Consequently the public just could not warm up to Adrian Dix and his TV ads only made the situation worse. Topp chose Toronto ad agency Open to produce the BC NDP’s lackluster election ads in which Dix looked stiff and uncomfortable. Dix was stiff and uncomfortable on stage but it was nothing a little soft light and sweet music could not handle. Instead he looked like Richard Nixon declaring I am not a criminal, over and over.

Perhaps we will never know for sure happened in the NDP 2013 election campaign in British Columbia. Everyone knows something was amiss but few NDP loyalists will step forward and demand answers from their leaders. More importantly it is not just the NDP ,we are all losers if we can not have free and fair elections.

The result is we now have another Liberal government with very little opposition to several huge developments that will have irreparable impacts on our environment and our economy for decades to come. The lesson for the rest of us is to not let this happen again. Let’s exercise our power as citizens and fight to keep our politicians honest and our elections fair.

END.

Footnotes:

(1) The smartest guys were not in the room
There was a sense that something was amiss about the Dix campaign when in early March 2013 Adrian was trotted out to a reception at the BC Teachers Federation AGM in Vancouver. It was several weeks before the election. He had more handlers around him than Mohamad Ali. Dix intellectual prowess was vaunted and he was introduced as being so brilliant and that he really was the “smartest guy in the room”. It seemed odd to introduce him this way given the Enron connections to this phrase, and especially in this room where he seemed to have so few real friends amongst the teachers. It seemed something was wrong but it was hard to put a finger on it.

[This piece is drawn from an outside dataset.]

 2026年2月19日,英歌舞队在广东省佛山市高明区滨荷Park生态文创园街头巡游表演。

Over the next several weeks Adrian Dix’s stunning election defeat unfolded. Over the following several months more and more questions arose over what had really happened . Was this Deja vu all over again? This looked much like the Kenneth Lay story, the fall guy in the Enron tale, from ten years earlier. Both Lay and Dix were often described by their foes as being obsessively ambitious and willing to bend the rules to get ahead. These vices may have left them both easily manipulated and controlled. It appears both were puppets for what was really a profit and control corporate agenda.

Adrian played the role of a brilliant but fatally flawed man, taking a mighty fall, in much the same manner as what Lay was depicted in the movie, The Smartest Guys in the Room. But we now know the smartest guys were not in the room, they were nowhere to be found. They were hiding in the board room of the accounting and PR firm, Arthur Anderson and Associates, one of the largest public relations firms in the world and the inventors of Enron bookkeeping. While Kenneth Lay went to jail, others waltzed away with hundreds of millions of dollars for themselves and their friends. When Dix lost the election hundreds of millions of dollars in future profits were secured for several very powerful corporations.

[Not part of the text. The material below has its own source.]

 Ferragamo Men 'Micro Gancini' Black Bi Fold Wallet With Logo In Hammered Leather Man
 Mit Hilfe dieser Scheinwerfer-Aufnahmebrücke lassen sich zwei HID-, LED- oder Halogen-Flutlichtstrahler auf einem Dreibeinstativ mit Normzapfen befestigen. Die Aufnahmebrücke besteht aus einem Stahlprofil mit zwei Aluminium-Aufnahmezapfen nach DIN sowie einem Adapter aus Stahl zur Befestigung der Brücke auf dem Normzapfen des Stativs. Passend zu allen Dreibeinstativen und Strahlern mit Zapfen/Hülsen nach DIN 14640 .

(2)The election results were strange to say the least.

It was reported as the election with the largest spread between pollster predictions and actual votes cast in the history of BC politics. It was also an historic collapse of support for the NDP in a few weeks going from a commanding lead at the start of the campaign to a surprising defeat on Election Day. During the campaign public opinion polls showed the NDP well ahead and many voters possibly thought, I cannot stand the Liberals and the NDP are a shoo-in, so I will not bother to vote at all. But the polls were drastically wrong and the NDP were not ahead.

These facts alone have caused the red flags a waving for those concerned about the honesty of public opinion polling, the honesty of the corporate media, and moreover about our inability to hold free and fair elections. To put this situation into context there has been a disturbing trend all over the so called democratic world where election processes have been tampered with. The robo-calling federal Conservatives and the weird polling results in the last Alberta election are just two examples of this.

1 comment:

GrannySmith said...

I never did believe that the NDP lost just because of Adrian Dix. Those in positions of money & power have the ability to alter voting patterns.